As we've said before, you should NEVER accept an mp3, AAC or any other data compressed file as a mix master or production master. See our entry "Audio Production in the Age of mp3 and AAC" http://desmastering.blogspot.com/2009/09/audio-production-in-age-of-mp3-and-aac.html.

I intended to include a list here covering a question that we mastering guys hear all of time time; "I've found this (fill in the blank) type of tape/disc from an old session. What could this be?", but this has already gone longer than I expected. I'll do that next entry.



Thursday, February 4, 2010

What is Acceptable as a Master?

As the home recording 'revolution' continues, we are seeing more and more people charging for professional audio services but who apparently have no idea about standards that have to be met in order to assure the best audio quality, and what to give their clients so they can proceed to post-production, mastering and manufacturing. There is a disturbing trend, especially in the hip-hop community, of studios, producers and so-called mastering engineers delivering mp3s as masters.

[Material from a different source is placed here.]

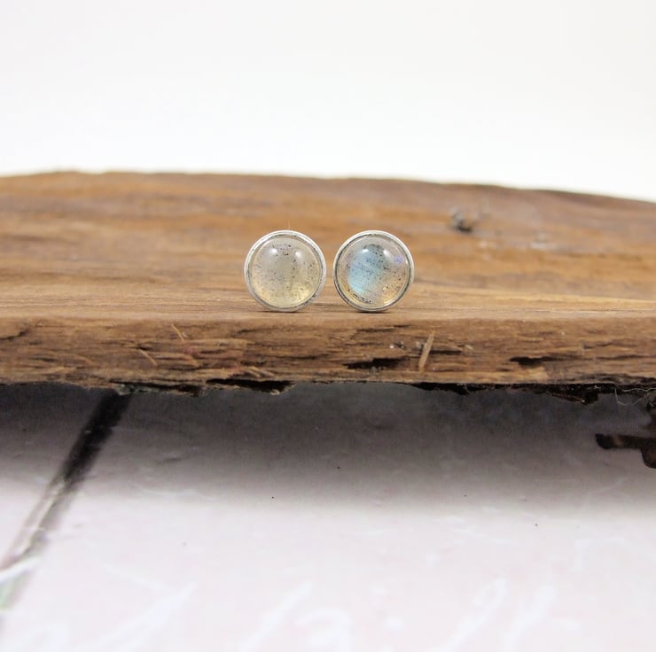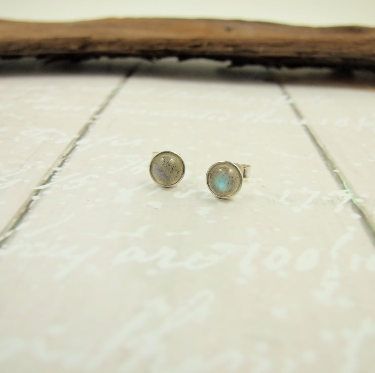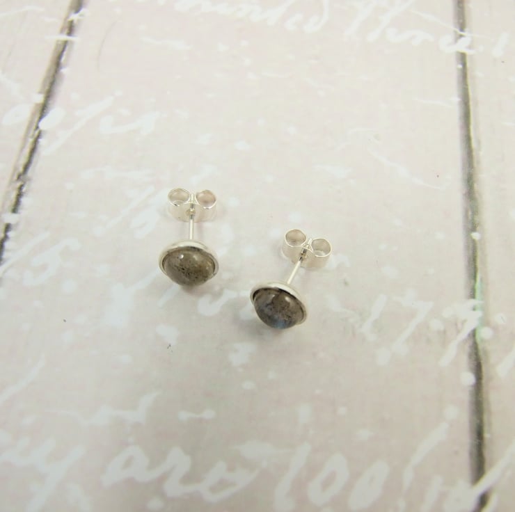 Labradorite Gemstones set in .925 Sterling Silver, stud with slider back fittings. The gemstones measure just 6mm across.
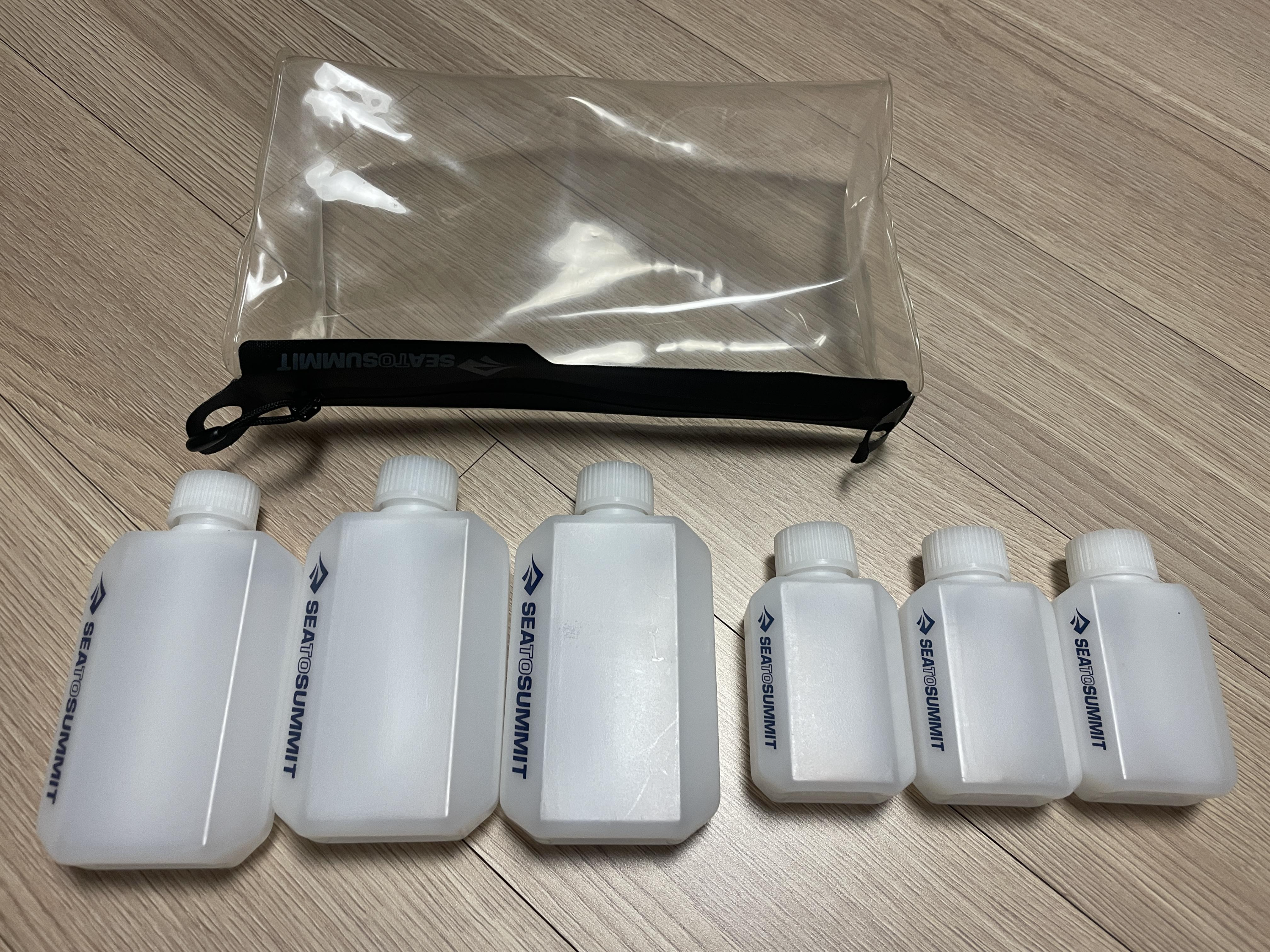 씨투써밋 세면백입니다. 파우치는 TPU 재질로 되어 있는데 TPU재질이면서 조금 더 부드러운 느낌이네요. 내부에는 100㎖ 보틀 3개, 50㎖ 3개 총 6개의 용기가 포함되어 있습니다. 가격은 2만 원 정도에 형성되어 있어요. 캠핑용도 및 사우나에 갈 때 사용하려고 구매했습니다. 굳이? "네 굳이" ㅋㅋㅋ

PLEASE MAKE NOTE - MP3 IS BARELY ACCEPTABLE AS A CONSUMER FORMAT. IT IS NOT ACCEPTABLE AS A MIX MASTER, PRODUCTION MASTER OR FOR ANY OTHER PROFESSIONAL APPLICATION!

The only thing in professional production that mp3 is used for is as a quick reference that can be uploaded for a client to approve a mix, an edit or a revision etc. Also, most stadium and arena music comes from mp3, but that is hardly a critical listening environment.

If you mix to a digital recording system, when you leave the studio you should have your mixes in as high resolution digital format as possible. Refer to our blog entry of Sept. 15, 2009 "Audio File Formats, Sample Rates and Bit Depth" for a detailed explanation. But in brief, your mixes should be .wav, .aif or .sd2 audio files of at least 24 bit resolution and at the same sample rate your session was tracked at. In other words no sample rate conversion should have been performed. Also, be sure you get your 1st generation, unprocessed mixes. That means no normalizing, fades, edits or any other process has been applied. You might also have a folder of Edit Masters which have fades & edits (normalizing shouldn't be done in any case), but for mastering you want the totally unaffected mix masters.

It's a good idea for you to take a hard drive to the studio and have them put your high res audio files there, or the studio may have priced a drive in your package, but you should also have them create one or more data CD-Rs or DVDs containing your mixes. I've seen it before; artists who think they've done the right thing by storing all of their mixes and sessions on a hard drive, only to have the drive fail. Having them on a hard medium like CD-R or DVD is the safest backup. Of course you also want the studio to provide you with an audio CD-R reference disc so you can easily proof your mixes, but for your archive and for mastering, post production etc. they should be high resolution .aif or .wav or .sd2 audio files.